What this task involves:
Copy out the full data exactly as given; pictures should not be included.

Given material:
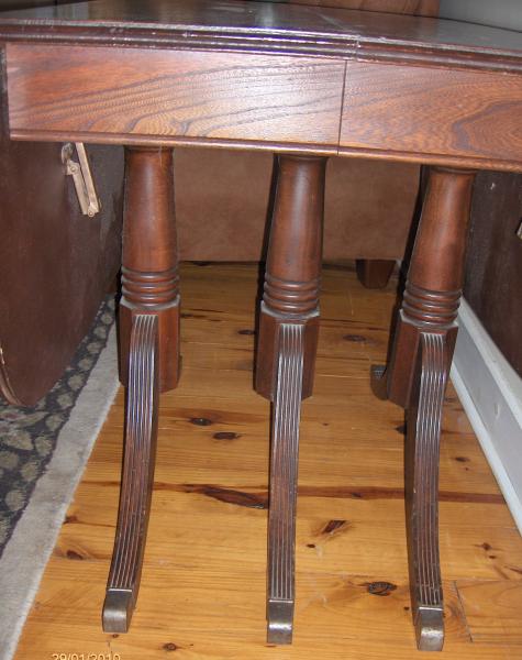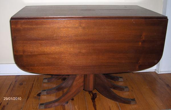 Description Duncan Phyfe style, walnut, drop leaf table. Three pedestals with brass capped feet. Beautiful finish; excellent condition. Overall size -56" long by 42" wide. Would love to learn anything I can about this table - period, value, etc.
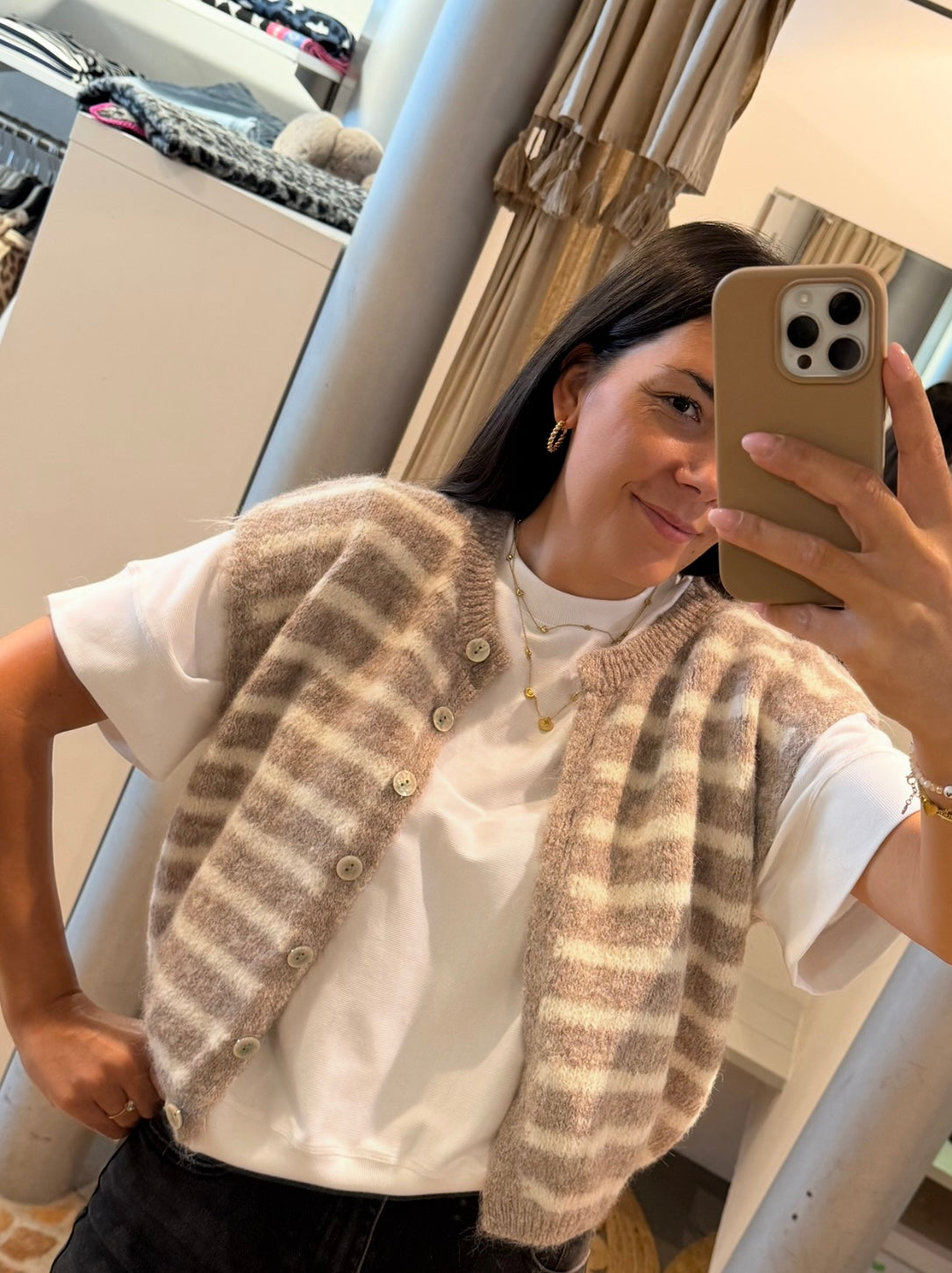 Wunderschöne Strick Weste in beige gestreift. So weich und komfortabel, absolute Empfehlung.
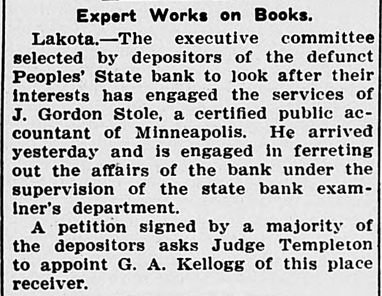 Expert Works on Books. Lakota.-The executive committee selected by depositors of the defunct Peoples' State bank to look after their interests has engaged the services of J. Gordon Stole, a certified public accountant of Minneapolis. He arrived yesterday and is engaged in ferreting out the affairs of the bank under the supervision of the state bank examIner's department. A petition signed by a majority of the depositors asks Judge Templeton to appoint G. A. Kellogg of this place receiver.

Solved exercise:
 Description Duncan Phyfe style, walnut, drop leaf table. Three pedestals with brass capped feet. Beautiful finish; excellent condition. Overall size -56" long by 42" wide. Would love to learn anything I can about this table - period, value, etc.
 Wunderschöne Strick Weste in beige gestreift. So weich und komfortabel, absolute Empfehlung.
 Expert Works on Books. Lakota.-The executive committee selected by depositors of the defunct Peoples' State bank to look after their interests has engaged the services of J. Gordon Stole, a certified public accountant of Minneapolis. He arrived yesterday and is engaged in ferreting out the affairs of the bank under the supervision of the state bank examIner's department. A petition signed by a majority of the depositors asks Judge Templeton to appoint G. A. Kellogg of this place receiver.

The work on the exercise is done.